_Problem details:_ Print only the lines below from the one with "Kankainen hyvin vähän" to the one with "КАДЕЕВА Р. А.", both included, exactly as they stand. Leave pictures out.

◇ ◇ ◇

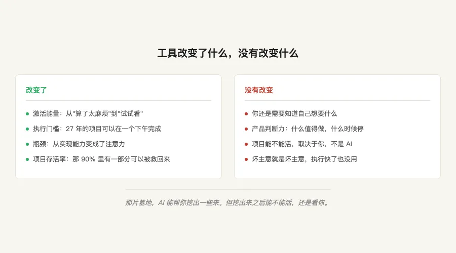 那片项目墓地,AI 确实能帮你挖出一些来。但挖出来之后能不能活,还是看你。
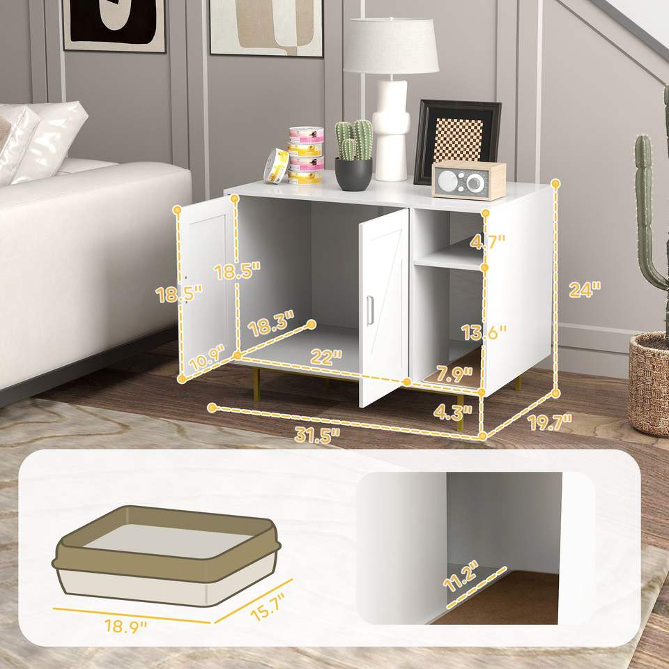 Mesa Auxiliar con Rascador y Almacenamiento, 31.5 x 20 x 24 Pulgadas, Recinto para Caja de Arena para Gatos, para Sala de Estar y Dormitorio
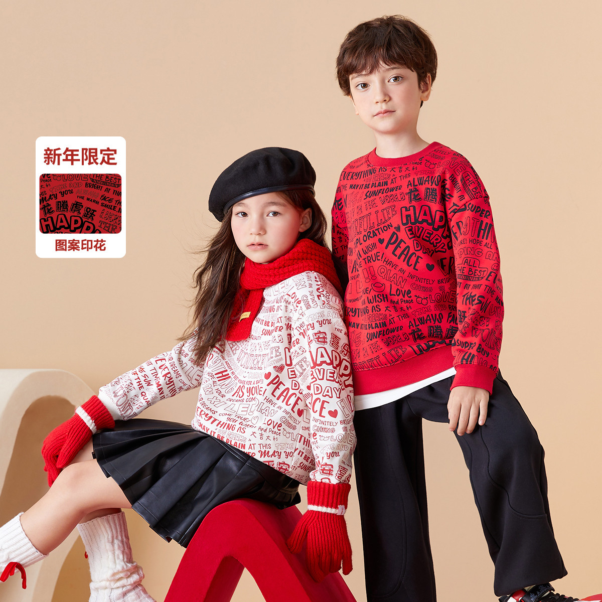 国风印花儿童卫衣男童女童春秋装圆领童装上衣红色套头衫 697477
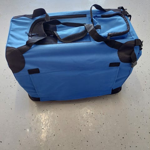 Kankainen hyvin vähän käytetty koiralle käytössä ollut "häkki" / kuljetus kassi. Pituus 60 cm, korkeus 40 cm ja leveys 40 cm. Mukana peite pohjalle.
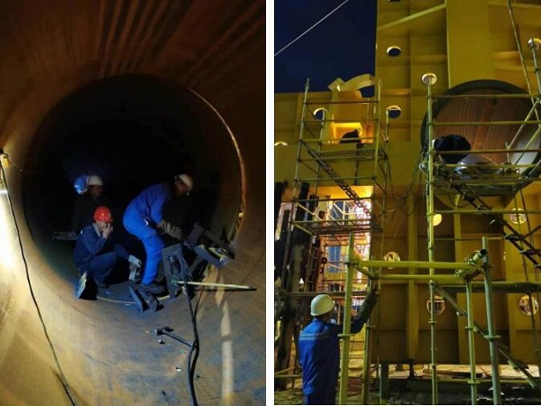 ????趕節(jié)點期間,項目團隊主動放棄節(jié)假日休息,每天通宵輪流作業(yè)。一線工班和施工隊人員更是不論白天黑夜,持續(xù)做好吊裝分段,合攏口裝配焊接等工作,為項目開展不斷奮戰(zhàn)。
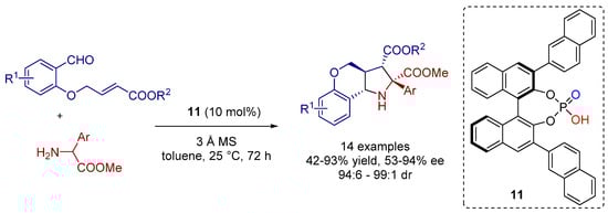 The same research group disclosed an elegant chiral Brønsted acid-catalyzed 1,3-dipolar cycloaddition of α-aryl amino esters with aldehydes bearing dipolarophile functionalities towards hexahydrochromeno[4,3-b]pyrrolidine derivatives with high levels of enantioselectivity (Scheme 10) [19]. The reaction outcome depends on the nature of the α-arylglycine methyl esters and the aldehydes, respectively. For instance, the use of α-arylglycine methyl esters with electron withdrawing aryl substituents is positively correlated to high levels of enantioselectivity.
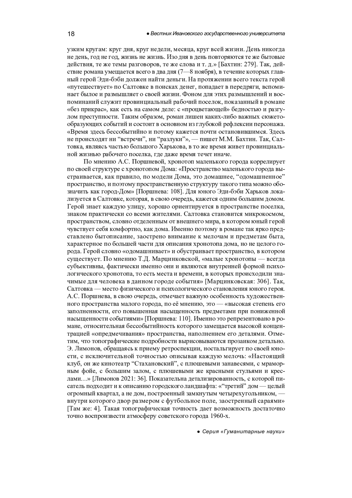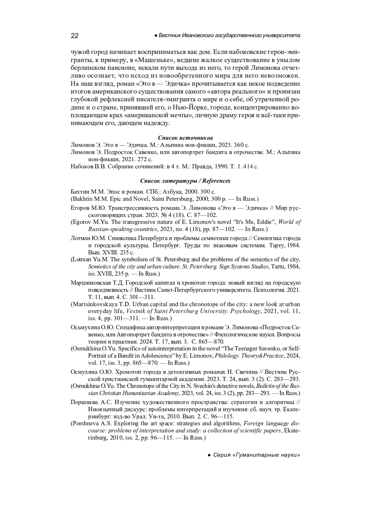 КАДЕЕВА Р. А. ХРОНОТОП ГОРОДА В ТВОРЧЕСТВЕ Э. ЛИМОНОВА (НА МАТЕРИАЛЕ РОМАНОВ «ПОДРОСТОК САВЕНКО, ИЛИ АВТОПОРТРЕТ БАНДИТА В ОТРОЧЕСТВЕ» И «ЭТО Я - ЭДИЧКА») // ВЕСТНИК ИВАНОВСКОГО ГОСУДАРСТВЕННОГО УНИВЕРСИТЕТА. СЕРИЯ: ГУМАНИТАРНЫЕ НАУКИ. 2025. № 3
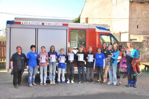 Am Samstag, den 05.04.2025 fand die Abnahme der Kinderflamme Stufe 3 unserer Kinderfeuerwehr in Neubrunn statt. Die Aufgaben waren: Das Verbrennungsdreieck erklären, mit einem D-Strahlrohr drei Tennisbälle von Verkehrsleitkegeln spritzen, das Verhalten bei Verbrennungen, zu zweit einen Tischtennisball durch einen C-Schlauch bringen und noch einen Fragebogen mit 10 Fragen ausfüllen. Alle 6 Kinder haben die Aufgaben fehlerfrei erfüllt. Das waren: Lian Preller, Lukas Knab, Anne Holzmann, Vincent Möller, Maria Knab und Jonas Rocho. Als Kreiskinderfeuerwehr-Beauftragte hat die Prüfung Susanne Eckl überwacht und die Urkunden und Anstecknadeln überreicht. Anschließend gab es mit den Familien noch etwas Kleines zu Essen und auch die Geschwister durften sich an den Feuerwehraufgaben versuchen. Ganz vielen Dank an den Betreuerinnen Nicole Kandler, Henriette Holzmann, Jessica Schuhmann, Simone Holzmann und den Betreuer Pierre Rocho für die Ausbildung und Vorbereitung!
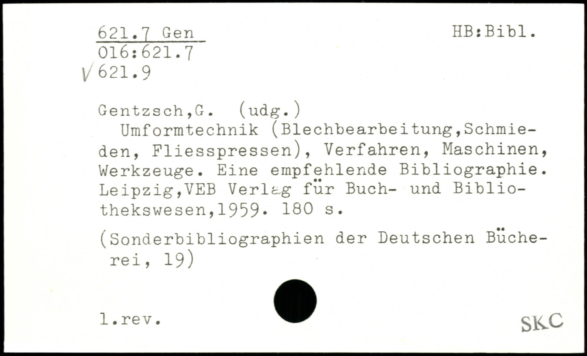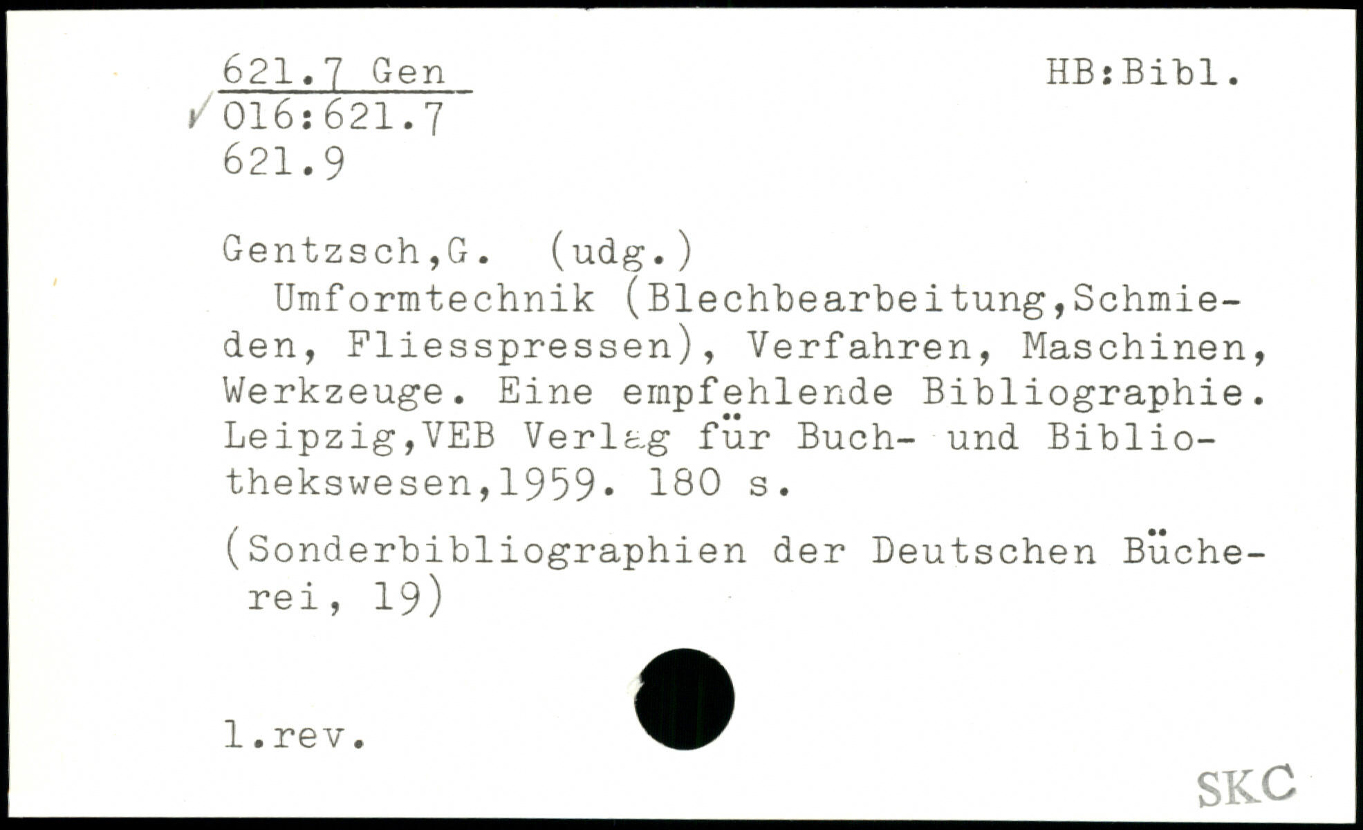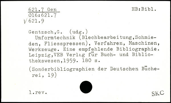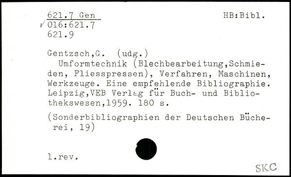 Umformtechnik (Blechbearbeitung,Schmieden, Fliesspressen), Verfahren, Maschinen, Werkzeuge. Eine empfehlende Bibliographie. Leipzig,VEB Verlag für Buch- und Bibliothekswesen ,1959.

◇ ◇ ◇

_Written response:_
 Kankainen hyvin vähän käytetty koiralle käytössä ollut "häkki" / kuljetus kassi. Pituus 60 cm, korkeus 40 cm ja leveys 40 cm. Mukana peite pohjalle.
 ????趕節(jié)點期間,項目團隊主動放棄節(jié)假日休息,每天通宵輪流作業(yè)。一線工班和施工隊人員更是不論白天黑夜,持續(xù)做好吊裝分段,合攏口裝配焊接等工作,為項目開展不斷奮戰(zhàn)。
 The same research group disclosed an elegant chiral Brønsted acid-catalyzed 1,3-dipolar cycloaddition of α-aryl amino esters with aldehydes bearing dipolarophile functionalities towards hexahydrochromeno[4,3-b]pyrrolidine derivatives with high levels of enantioselectivity (Scheme 10) [19]. The reaction outcome depends on the nature of the α-arylglycine methyl esters and the aldehydes, respectively. For instance, the use of α-arylglycine methyl esters with electron withdrawing aryl substituents is positively correlated to high levels of enantioselectivity.
 КАДЕЕВА Р. А. ХРОНОТОП ГОРОДА В ТВОРЧЕСТВЕ Э. ЛИМОНОВА (НА МАТЕРИАЛЕ РОМАНОВ «ПОДРОСТОК САВЕНКО, ИЛИ АВТОПОРТРЕТ БАНДИТА В ОТРОЧЕСТВЕ» И «ЭТО Я - ЭДИЧКА») // ВЕСТНИК ИВАНОВСКОГО ГОСУДАРСТВЕННОГО УНИВЕРСИТЕТА. СЕРИЯ: ГУМАНИТАРНЫЕ НАУКИ. 2025. № 3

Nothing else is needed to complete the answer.